Marfan syndrome is caused by mutations in the FBN1 gene on chromosome 15,[12] which encodes the glycoprotein fibrillin-1, a component of the extracellular matrix. Fibrillin-1 protein is essential for the proper formation of the extracellular matrix, including the biogenesis and maintenance of elastic fibers. The extracellular matrix is critical for both the structural integrity of connective tissue, but also serves as a reservoir for growth factors.[13] Elastin fibers are found throughout the body, but are particularly abundant in the aorta, ligaments and the ciliary zonules of the eye; consequently, these areas are among the worst affected.
A transgenic mouse has been created carrying a single copy of a mutant fibrillin-1, a mutation similar to that found in the human gene known to cause Marfan syndrome. This mouse strain recapitulates many of the features of the human disease and promises to provide insights into the pathogenesis of the disease. Reducing the level of normal fibrillin 1 causes a Marfan-related disease in mice.[14]
Transforming growth factor beta (TGFβ) plays an important role in Marfan syndrome. Fibrillin-1 directly binds a latent form of TGFβ, keeping it sequestered and unable to exert its biological activity. The simplest model of Marfan syndrome suggests reduced levels of fibrillin-1 allow TGFβ levels to rise due to inadequate sequestration.
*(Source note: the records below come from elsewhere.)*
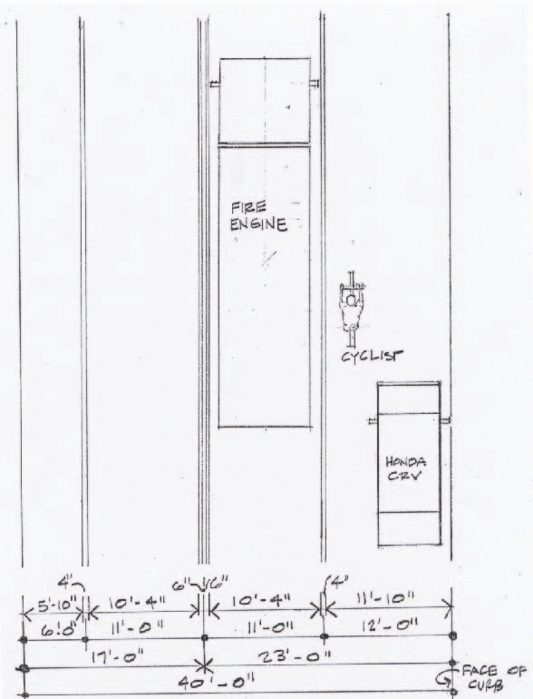 at the bike/ped program) was for, from left to right, a 6 foot bike lane, a 11 foot travel lane,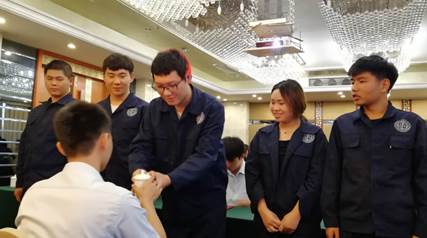 6月12日,机械技术学院模具设计与制造专业在白天鹅大酒店举行2018级现代学徒制试点班开班暨拜师仪式。机械技术学院党总支书记张宗江、机械技术学院副院长郭利、联德精密国防学院研发中心顾问夏世林、联德精密(中国)股份有限公司企划部经理康世杰、联德精密国防学院研发中心负责人赵恒、联德精密国防学院研发中心六位模具研发工程师、模具专业带头人张爽华、班主任张艳华及18级全体学徒制班学生参加了拜师仪式。仪式由副院长郭利主持。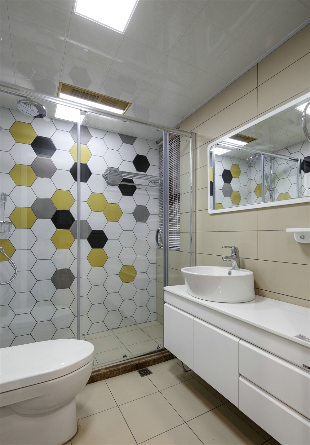 淋浴室墙面选用彩色蜂窝形瓷砖,颇有特色。

Although it is not proven how elevated TGFβ levels are responsible for the specific pathology seen with the disease, an inflammatory reaction releasing proteases that slowly degrade the elastin fibers and other components of the extracellular matrix is known to occur. The importance of the TGFβ pathway was confirmed with the discovery of the similar Loeys-Dietz syndrome involving the TGFβR2 gene on chromosome 3, a receptor protein of TGFβ.[15] Marfan syndrome has often been confused with Loeys-Dietz syndrome, because of the considerable clinical overlap between the two pathologies.[16]